▶ _EXERCISE DATA_:

══════════════════════════════

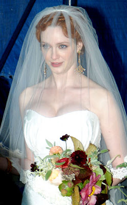 One of my favorite actresses was hitched Sunday. Christina Hendricks who plays the sultry Joan Holloway on Mad Men, married fellow actor, Geoffrey Arend at II Buco restaurant in New York City. She told In Style Weddings of the place, "There will be about 70 people. The room is small and romantic and rustic and intimate, like it's in someone's home in Italy. The food is extraordinary—charcuteries, shared platters—very family style."
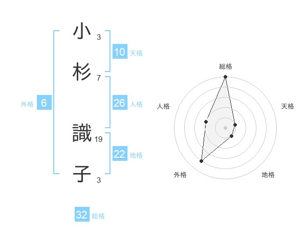 小杉 識子さんの総格は32画の5点!
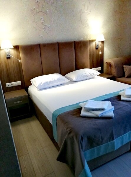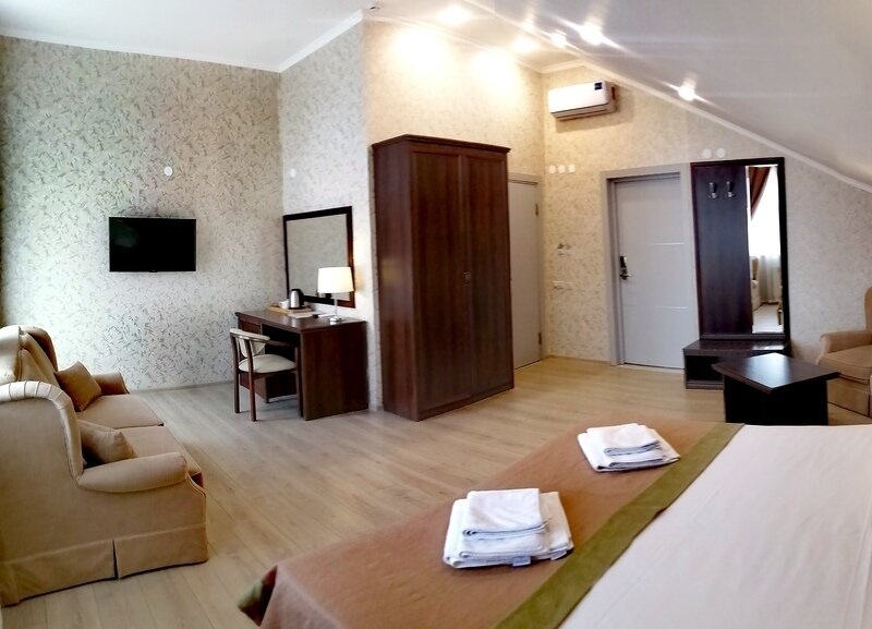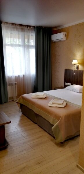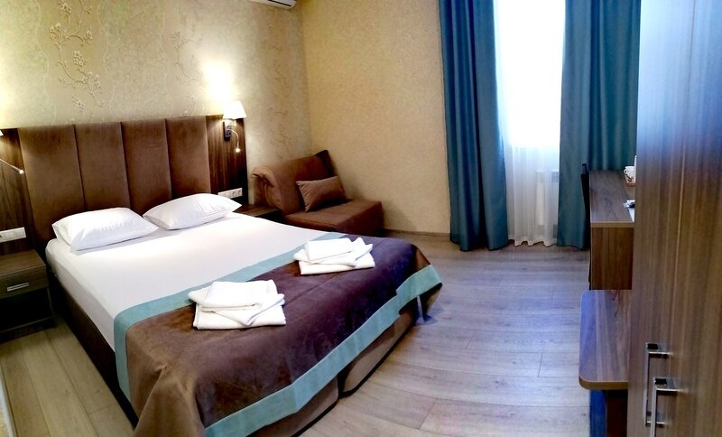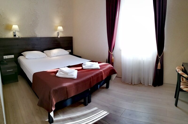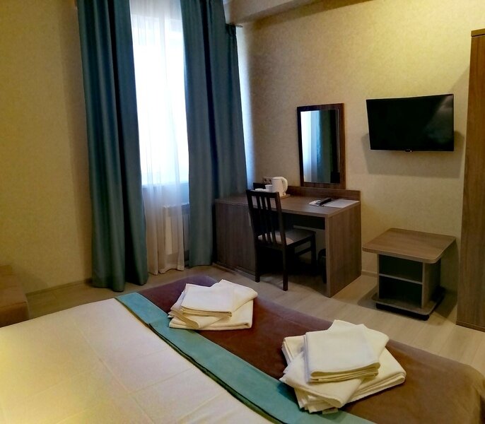 Двухместный номер с одной большой кроватью или двумя односпальными кроватями. В номере есть всё необходимое для комфортного проживания одного или двух гостей: прихожая, шкаф, стол, стул, прикроватные тумбочки, журнальный столик, зеркало, телевизор.
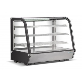 Вітрина холодильна GoodFood RTW250L5 нержавіюча сталь Настільна кондитерська холодильна вітрина з двома полицями.Призначена для демонстрації кондитерських виробів.Корпус чорний - скло та пластик зі сталевою вставкою.Подвійний склопакет.Розсувні двері ззаду.Об'єм 268 л.Верхнє світлодіодне (LED) підсвічування.Хромовані полиці.Цифрова панель управлінн..

══════════════════════════════

Would you repeat the material exactly, keeping out any pictures?

 One of my favorite actresses was hitched Sunday. Christina Hendricks who plays the sultry Joan Holloway on Mad Men, married fellow actor, Geoffrey Arend at II Buco restaurant in New York City. She told In Style Weddings of the place, "There will be about 70 people. The room is small and romantic and rustic and intimate, like it's in someone's home in Italy. The food is extraordinary—charcuteries, shared platters—very family style."
 小杉 識子さんの総格は32画の5点!
 Двухместный номер с одной большой кроватью или двумя односпальными кроватями. В номере есть всё необходимое для комфортного проживания одного или двух гостей: прихожая, шкаф, стол, стул, прикроватные тумбочки, журнальный столик, зеркало, телевизор.
 Вітрина холодильна GoodFood RTW250L5 нержавіюча сталь Настільна кондитерська холодильна вітрина з двома полицями.Призначена для демонстрації кондитерських виробів.Корпус чорний - скло та пластик зі сталевою вставкою.Подвійний склопакет.Розсувні двері ззаду.Об'єм 268 л.Верхнє світлодіодне (LED) підсвічування.Хромовані полиці.Цифрова панель управлінн..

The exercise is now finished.